И будет прекрасная Ортензия, и отчаянные минуты, и бои на шпагах сразу со множеством противников, и смех героя. Потому что по жизни только так и можно идти – смеясь в трудную минуту. Несмотря ни на что.
Выходить на улицу – больно. Ведь мы ещё там, рядом с Зорро…
Возвращаемся почти ночью – мальчишки провожают меня до дома. В шесть ног ворошим листья, и первые в жизни стихи приходят ко мне:
Снова осень, и поздний костёр —
Так высок, ненадёжен и ярок,
Тишины и души разговор,
Утоляющий сердце подарок.
Ночь завесы пути убрала,
Ветер волен – от края до края,
И сырая парижская мгла
Нам огни зажигает, играя…
Все признания пьяных кафе,
Перебранка и нежность бульваров,
Кринолинов и лат не новей
Очертанья домов и кварталов,
Дальше, дальше… Арктических гор
Ледяные отроги и шпили,
И сияния чистый топор
Поднимается в искристой пыли…
Но дороги свернула петля
Нашей тихой стоянке навстречу —
Преют листья, наги тополя,
И готовы всё выдержать плечи.
Наступала вторая половина осени – предзимье. Но ещё случались дни с холодным муторным дождём, тёмные дни, когда с утра до вечера в домах не гас свет и дождь вместе с порывами ветра бил в стёкла.
Появлялся Валька, весь мокрый. Видел, что я мучаюсь со стенгазетой, и садился помогать. Получалось дело уютное, как вязание. Когда за стенами дождь, а у нас неспешно проходит вечер. Я переписываю тексты красивым почерком на альбомные листы, чтобы потом наклеить их на ватман. Вывожу каждую букву.
Под Валькиной рукою плывут по бумаге корабли, горят костры, рассыпаются фейерверки. Что хотел, то и творил он – кисточкой. И всё – молча.
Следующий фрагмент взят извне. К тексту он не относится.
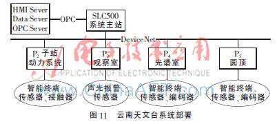 本地版和网络版的区别不是太大,唯一的区别是,本地版不能建立域的概念,准确地说是只能建立一个域,只能实现1+N的结构——一个HMI服务器,N个数据服务器。这种架构适合规模不是太大,也没有太多的区域划分的工厂,只通过一个域来进行统一管理。其他部分,本地版部署的技术细节与网络版一致[4]。下面简单介绍一下云南天文台一米红外太阳塔的系统部署,其所采用的就是本地部署的方案,如图11所示。

Он очень любил тишину, прислушивался к ней, как к музыке, и всё в ней слышал: и ветер, в доме еле слышный, но там, на улице, клонивший ветви деревьев, и каждую каплю дождя, стекавшую по стеклу, оставляя за собою расплывчатую дорожку.
Его музыка была неслышной, а Митиной восхищались все.
Бабушка Митю обожала. Он приходил и, едва сбросив куртку, садился к старенькому нашему пианино «Красный Октябрь», пробегал пальцами по клавишам…
Это началось случайно, когда бабушка попробовала напеть нам – надтреснутым, дрожащим, но верным ещё голосом – один из любимых романсов Вертинского:
Где Вы теперь? Кто Вам целует пальцы?
Куда ушёл Ваш китайчонок Ли?
Вы, кажется, потом любили португальца,
А может быть, с малайцем Вы ушли…
Митя тогда немедленно поднялся, подошёл к инструменту и заиграл. Я видела, что он немного утрирует, может быть – стесняясь нас: закидывает голову, томно прикрывает глаза, слишком высоко взлетают его пальцы над клавишами…
Но бабушка пела, а Митька делал роскошную аранжировку, нанизывал звуки, плёл из них кружева. Получалась – роскошь.
Последний раз я видел Вас так близко.
В пролёты улиц Вас умчал авто.
Мне снилось, что в притонах Сан-Франциско
Лиловый негр Вам подаёт манто.
Митька закончил шикарным проигрышем, уронил руки вдоль тела, а подбородок на грудь.
– Митенька, – бабушка зааплодировала, – ещё, пожалуйста, ещё!
– Только если будете петь, – галантно сказал Митька, но смотрел он на меня, и я будто впервые увидела, как темны его брови и изящен их излом и как дерзок взгляд его… Он играл не бабушке, он играл – мне.
И мы пели. Хотя я совершенно не музыкальный человек. О таких говорят: медведь на ухо наступил. Но разве в этом дело?
– Все вместе, и… – начинал Митя.
Господа офицеры,
Голубые князья…
Я, конечно, не первый,
И последний не я…
– Митя, – растроганно говорила бабушка, – ты сам как благородный офицер. Юнкер.
Бабушка моя родилась перед Первой мировой войной, и белых офицеров ей видеть не пришлось. Она была совсем маленькой, когда за её родной город сражались зелёные и красные. К слову, зелёные чуть не убили бабушку и её сестру. Всадники встретили девочек на дороге – они шли в больницу навестить мать. Чёрные косы навели на мысль о еврейках.
– Жидовки? Хотите жить, читайте «Отче наш»!
Старшая сложила младшей руки на груди, и девочки начали молитву, которую читали каждое утро и каждый вечер.
– Ни, цэ наши дивчыны, – сказал один из всадников, и отряд поехал дальше.
А дальше были только красные, красные, красные… И короткое счастье с дедушкой, его арест по доносу ложному, лагеря, почти безнадёжное ожидание… И этот город, куда дедушка фактически был сослан после заключения. Крохотный городок, где дедушка, инженер-электрик, был нужен позарез. Но и отсюда ему время от времени приказывали уехать «в двадцать четыре часа». Начальник ходил заступаться, уверял, что без такого специалиста совсем невозможно. И только в последние десятилетия жизнь наконец стала мирной, без этого дамоклова меча над головой.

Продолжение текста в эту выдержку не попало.